Brandice pulled herself off the bed and slowly dragged her feet to the door and opened it slightly, just enough room for him to come in but no one else. Junior closed and locked the door behind him. “I brought you a plate.” He handed her a paper plate stacked with finger foods. Brandice nibbled on a grape and fell back on the bed. She felt like her body weighed a ton rather than the hundred and thirty pounds she actually was.

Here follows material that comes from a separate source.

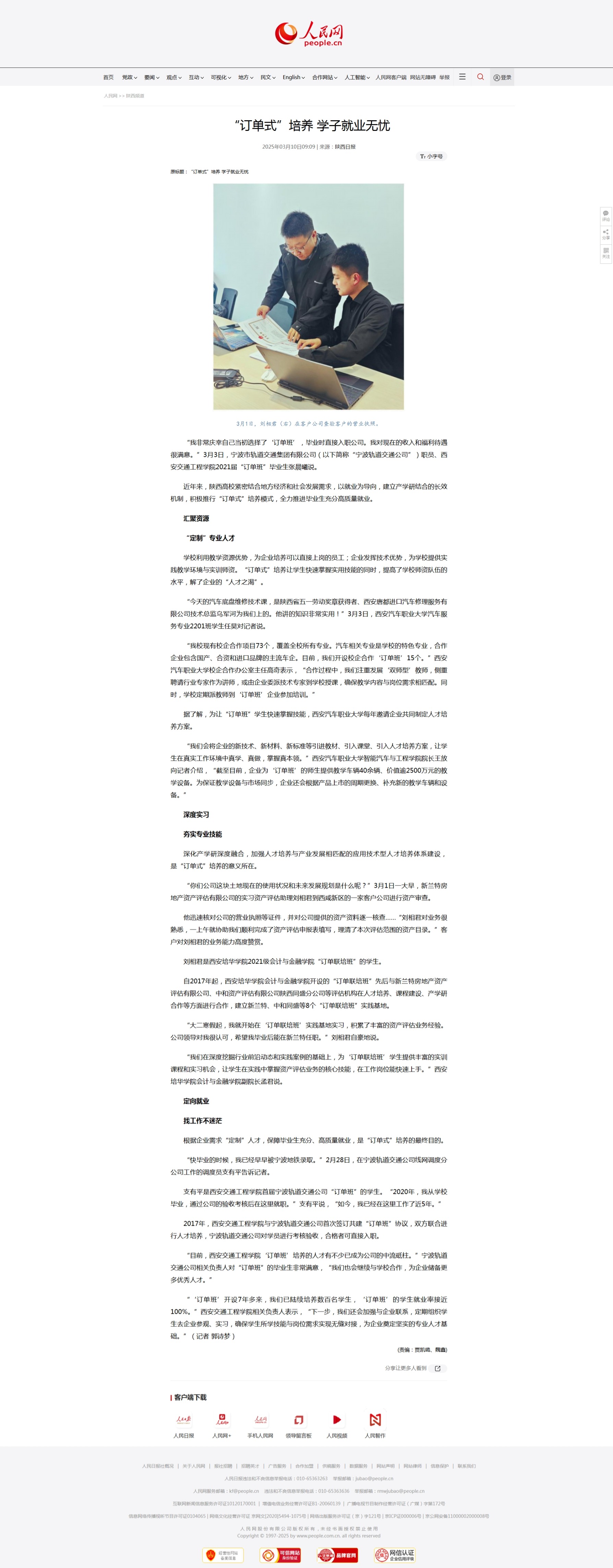 人民网:“订单式”培养 学子就业无忧

“I’m here for you, Ice. No matter what you need me to do for you, I’m here.” He bit into a cube of pepper jack cheese. “If you want to stay locked in this room for weeks, then I will stay locked in here with you. I just want you to know that you’re not alone. I will always be here for you.” He bent down and placed a light kiss on her forehead.

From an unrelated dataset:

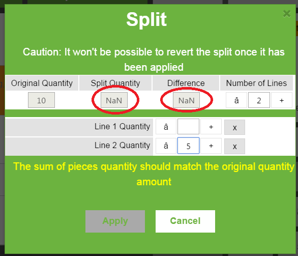 | Description | When splitting lines, if a quantity for a line is left blank, a NaN message is shown in both header fields "Split Quantity" and "Difference". See steps. | |||||||
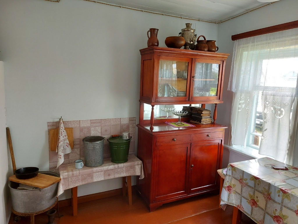 На первый взгляд, время в небольшом деревянном домике остановилось. Внутри обстановка из 50-х: русская печка, иконы на стенах, прялка с веретеном, посуда в буфете, старинный сундук и аккуратно заправленные кровати с оборками. Много хлопот связано с восстановлением дивана. Необычный предмет интерьера встречается на многих семейных фотографиях. Его точную копию смастерили из двух «мебельных родственников». Затем диван обшили тканью, рисунок которой повторяет тот, что был в середине прошлого века.

Brandice grabbed Junior’s hand and pulled his body closer to hers, “Lay with me.” She instructed in a soft cry. He was the only person who she wanted to be around right now. Junior took off his black suit jacket and threw it over a chair in the corner of the large room before getting on the bed and lovingly wrapping his arms around her body. They lay together, her back to his chest, in silence for a while. Brandice fell in and out of a light sleep before she said, “I can still hear his voice in my head. It’s so clear, like he’s still here.”
“That’s because he will always live in your heart and in your memory.”
She turned in his arms to face him. “But I wonder if his voice will always be this clear. I don’t want to forget his voice, or his laughter, or the way he smelled.”
“You won’t,” he told her. “Because if you start to forget then I will remind you. Together we will remember everything about your father. I promise.”
Brandice knew that if by some chance she did start to forget her father, Junior would do what he said because he was that type of guy. He always kept his word to her, never letting her down in their seventeen-year friendship. Junior was the only person closer to her than her parents. He had all the qualities of a good man- loyal to the end. He reminded Brandice of her father in so many ways.
“Mama said he left me a letter. Something he wrote a while ago but never gave to me. She says it’s important that I read it soon but I don’t think I’m ready to open it yet though.” She sniffled as the tears began to fall again. The thought that her father had something important to tell her, that he put it in a letter, was too much to think about right now. She could hardly look at his picture let alone read his words.
Junior wiped her tears away with his thumb. “You don’t have to open it now. There is no rush. There’s nothing in that letter that can’t wait until tomorrow. For now I want you to get some sleep.”
“Are you leaving?” She asked in disappointment. His presence took away the feeling of darkness that wouldn’t seem to go away otherwise.
Junior shook his head. “I’ll be here when you fall asleep and when you wake up.”
With those words Brandice was content and tranquil enough to allow herself the first real sleep she experienced in days.